The differential equation of a particle performing a S.H.M. is `(d^(2)x)/(dt^(2))+ 64x=0`. The period of oscillation of the particle is

To find the period of oscillation of a particle performing simple harmonic motion (SHM) given the differential equation: \[ \frac{d^2x}{dt^2} + 64x = 0 \] we can follow these steps: ### Step 1: Rewrite the differential equation We start by rewriting the given differential equation in a more standard form.
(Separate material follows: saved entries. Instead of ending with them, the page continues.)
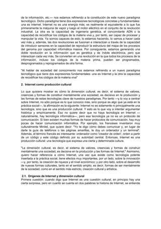 El documento discute la dimensión cultural de Internet. Señala que Internet no es solo una tecnología, sino también una producción cultural. Explica que la dimensión cultural, es decir, el sistema de valores y creencias, fue decisiva en el desarrollo de Internet como una herramienta de comunicación horizontal, global y libre. Identifica cuatro capas culturales clave en el origen y desarrollo de Internet: la universitaria, la de los hackers, las formas culturales alternativas y la empresarial.
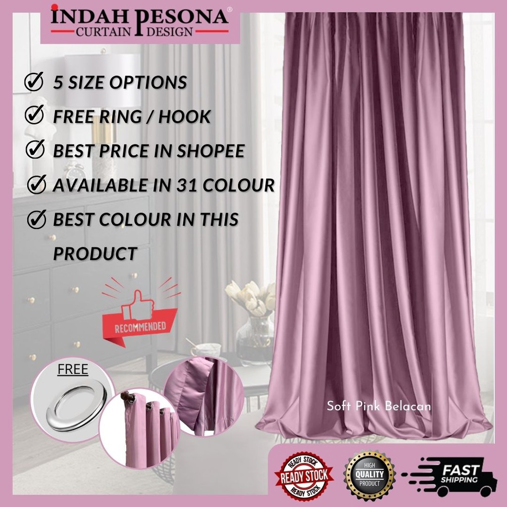 Siap jahit langsir rumah,langsir raya kain tebal curtain window(free eyelet /ring) pink belacan.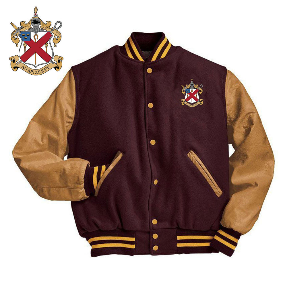 Alpha Chi Rho Varsity Jacket is made of Melton Wool, 24 oz. Genuine leather sleeves and pocket welts Quilted lining Full-snap front High quality rib-trim collar,cuffs, and bottom hem Easy-entry front pocket

We can express it as: \[ \frac{d^2x}{dt^2} = -64x \] ### Step 2: Identify the angular frequency (ω) The standard form of the SHM equation is: \[ \frac{d^2x}{dt^2} = -\omega^2 x \] By comparing this with our rewritten equation, we can see that: \[ \omega^2 = 64 \] To find ω, we take the square root: \[ \omega = \sqrt{64} = 8 \text{ radians/second} \] ### Step 3: Calculate the period (T) The period of oscillation (T) is related to the angular frequency (ω) by the formula: \[ T = \frac{2\pi}{\omega} \] Substituting the value of ω we found: \[ T = \frac{2\pi}{8} = \frac{\pi}{4} \text{ seconds} \] ### Conclusion Thus, the period of oscillation of the particle is: \[ \boxed{\frac{\pi}{4} \text{ seconds}} \] ---